‘Harley has Changed’
“Harley has Changed”. These words are often banded about and are of course true depending upon the timespan under consideration. I am often struck by such remarks, usually deploring the changes over the years which more often than not refer to relatively small changes. But small can be extremely important psychologically.
You might for example think that it is older people, of a nostalgic frame of mind, and with long memories who make such comments. Margaret Bennett, who has long lived in the village and who passed away in her eighties, often said, in a regretful tone but without enlarging, ’Harley has changed.’

In complete contrast, Duncan James, musician and a very modern man, the son of Peter and Merle James, was brought up in the village in the seventies and early eighties, and now lives in Zurich. Duncan and his family visit Harley once a year at Christmas. Again, without being explicit Duncan is clearly upset by the changes which he perceives, creating clashes with his childhood memories. Conversely, perhaps when you live continuously in a place changes are easier to handle or might even pass unnoticed.
When we came in 1973/4, along with the three working farms, there was a Blacksmith and a working Forge, and I distinctly remember the small white haired Blacksmith leading two giant horses towering above him one on each side, through the village. Cows grazed almost up to the back of Glebe Cottage, and we looked south, as we still do, over farmland towards Wenlock Edge with scarcely a building in sight. Fortunately, this has not changed. We are lucky.
Sometime in the early seventies, Rosemary Leach, an actress, said on TV that she had been born locally and that Wenlock Edge was the most romantic place in Britain. It would be difficult to challenge that perception.
To Cyril Hughes to whom the view was a constant backcloth to his life I got the distinct impression working with him in the garden that it was so taken for granted that it almost did not exist.

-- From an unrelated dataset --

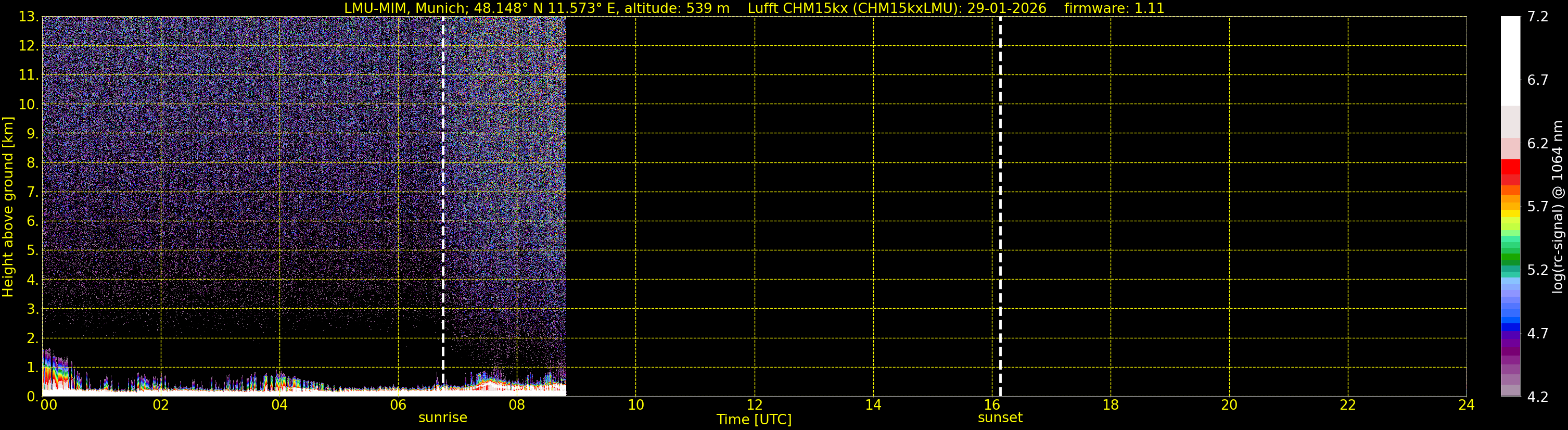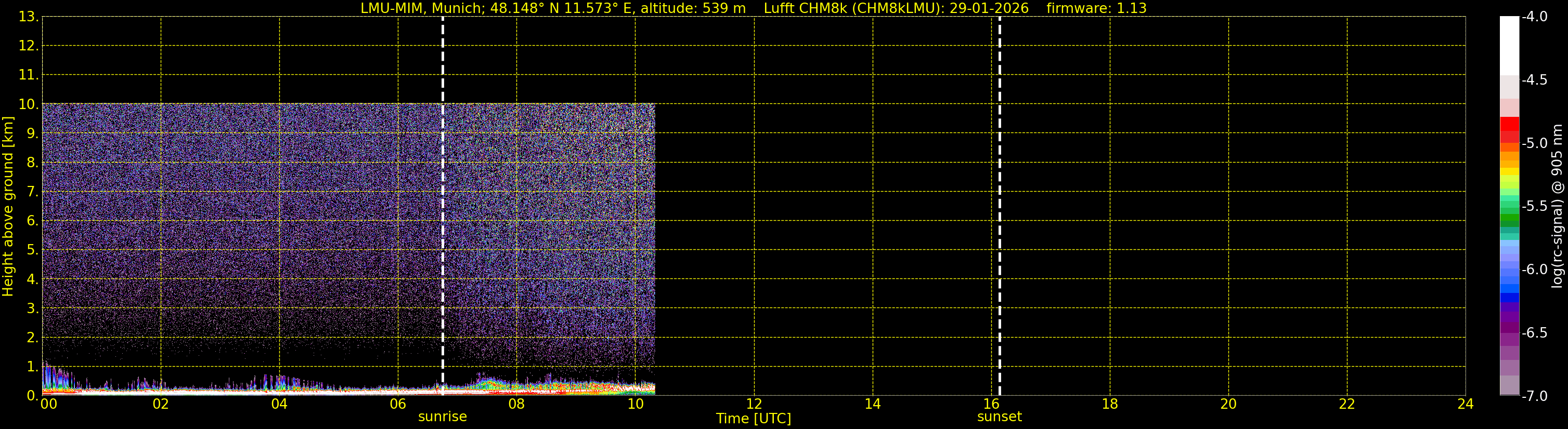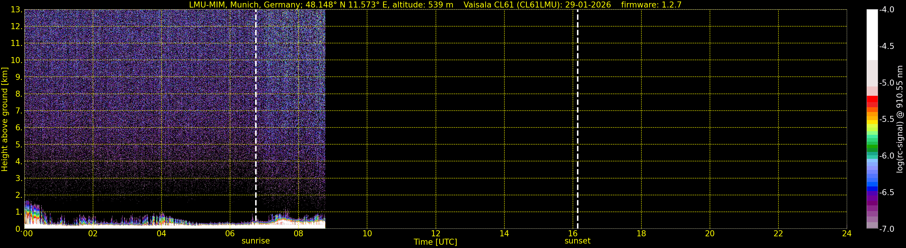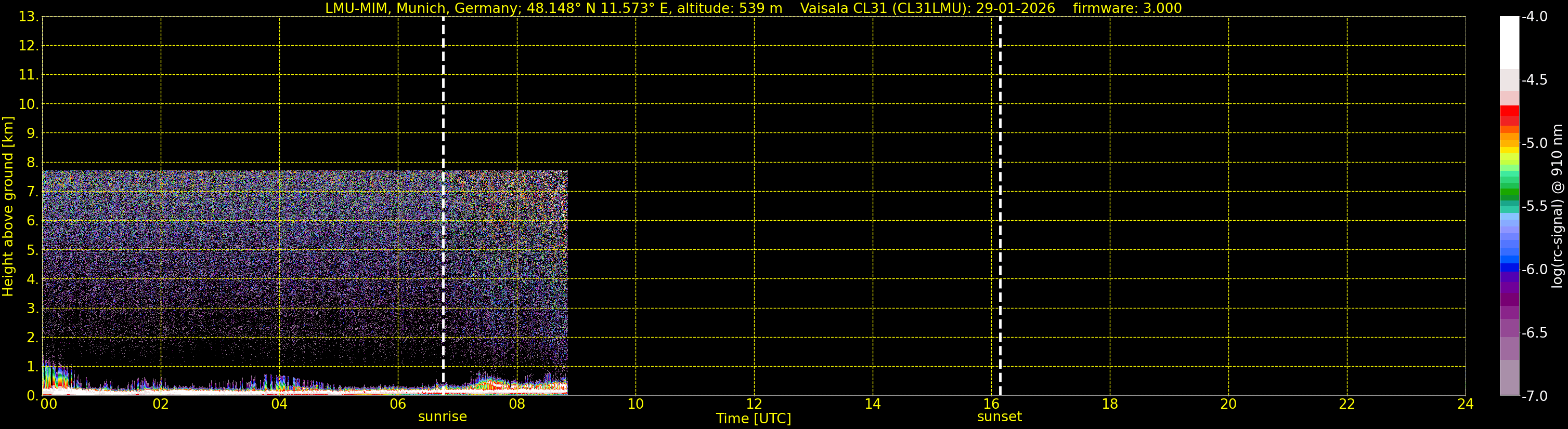 We are grateful that we are allowed to process the corresponding data (since 1. June 2010) of the CHM15k ceilometer located at the Umweltforschungsstation Schneefernerhaus on Zugspitze (UFS, altitude 2712 m, 93 km south of Munich), owned by the UFS and operated by the German Weather Service for comparison.

Townies moving in see things very differently from villagers who have always lived here. Maybe in their own way they appreciate the natural environment more in aesthetic sense but they certainly do not know the land anything like a person who has worked it, shaped it and lived from it and on it all all their lives.
1600 and all that
My eldest daughter Andrea, as part of a William Brookes school project estimated that Glebe Cottage was built around 1620 to 1640. The Old Rectory, home of Margaret and Paul Trenberth, is according to the Victoria County History, the oldest surviving house, the half timbered part being built before 1612, so she was probably about right.

My youngest daughter, Vivianne, who became a TV documentary-maker, said soon after we moved in, ‘I wonder how many people have died in this house?’ I replied, ‘over nearly four hundred years, quite a lot, I would think. I haven’t seen or heard any of them so far’. She always did have an overactive imagination!